Track x Track: The Amity Affliction – Not Without My Ghosts

Australian metalcore four-piece The Amity Affliction are back with their feature-packed new album ‘Not Without My Ghosts’, a record that sees them rope in a bunch of friends, from established names like Comeback Kid’s Andrew Neufeld and The Plot in You’s Landon Tewers, to buzzy newcomer Phem.

The album “mostly deals with the paradox of not wanting to be alive, and yet needing to stay here, while also mourning the loss of friends and trying to use the music as catharsis,” vocalist Joel Birch explains. It’s an emotional ride.

Here, Joel talks us through the entire record from front to back.


Show Me Your God

The song is the first in a series of explorations and internal meditations on how our past shapes us and interacts with our various mental struggles in the present, drawing from both personal experience and also the trauma of close friends who have passed away or who have dealt with close loved ones passing away.

It’s Hell Down Here

This song is a letter from myself and Ahren, written by me to our friends who have passed on to the other side.

Fade Away

This song is way more miserable than it appears; I remember writing it when I was honestly hoping for the bus to crash or to not wake up the next day and wanted to leave a little remnant of myself behind, letting my wife know how I felt had nothing to do with her. Mental illness rules.

Death And The Setting Sun (Feat. Andrew Neufeld)

This song references some biblical ideas about the setting sun representing us dying only to be reborn in the afterlife, like the sun rises again each day, as well as pulling from ‘Waiting For God’ and the idea of purgatory. Take from that what you will; it’s quite the mix of ideas to funnel into one track. It’s also a morbid and hopeless song about being completely stuck and thinking the only way out of here is to kill yourself. A really happy number. A bop.

I See Dead People (Feat. Louie Knuxx)

The ongoing and nebulous struggle that comes with dealing with the pain of friends killing themselves while myself dealing with passive suicidal ideation. Not sure you need more than that; it sums it up.

When It Rains It Pours (Feat. Landon Tewers)

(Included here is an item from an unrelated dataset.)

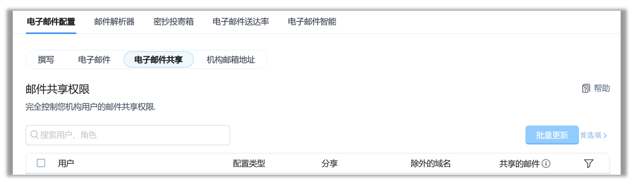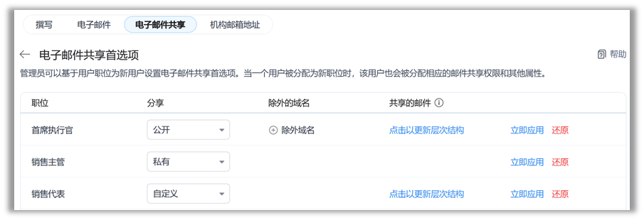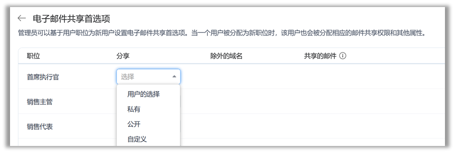 因此,一旦用户被分配到某一角色,预先定义的电子邮件共享权限就会应用。此外,排除的域和邮件可分享的角色和职位也应用。

I wrote this song for really angry people, and I hope they get really angry to it and smash some walls or something. Go, Kyle.

The Big Sleep

This song has one of the saddest lines I think I’ve ever written: While we’re here, can we ever be free? Off to the stars for me; I just want to believe. I really, really dislike religion, but there is something romantic about the desire to ascend from Earth into some other realm. Sometimes in the depths of a depressive episode, I just want to believe that there is something better beyond what I know, even though every part of me believes that when we die, that’s the end.

Close To Me

I feel like I destroy everything around me; I’m sure a great deal of people out there who suffer from depression or bipolar or anxiety or any other number of mental illnesses understands this song well.

God Voice

Another cheery song about wanting to be gone from this world. I call it the God Voice mockingly because I grew up being told we had to listen to God speaking to us, and all I ever heard was a voice telling me to exit stage left.

Not Without My Ghosts (Feat. Phem)

A song about the way in which you can’t travel through life without dragging the ghosts of your past behind you and how they manifest in their various forms.

Taken from the June 2023 edition of Upset. The Amity Affliction’s album ‘Not Without My Ghosts’ is out now.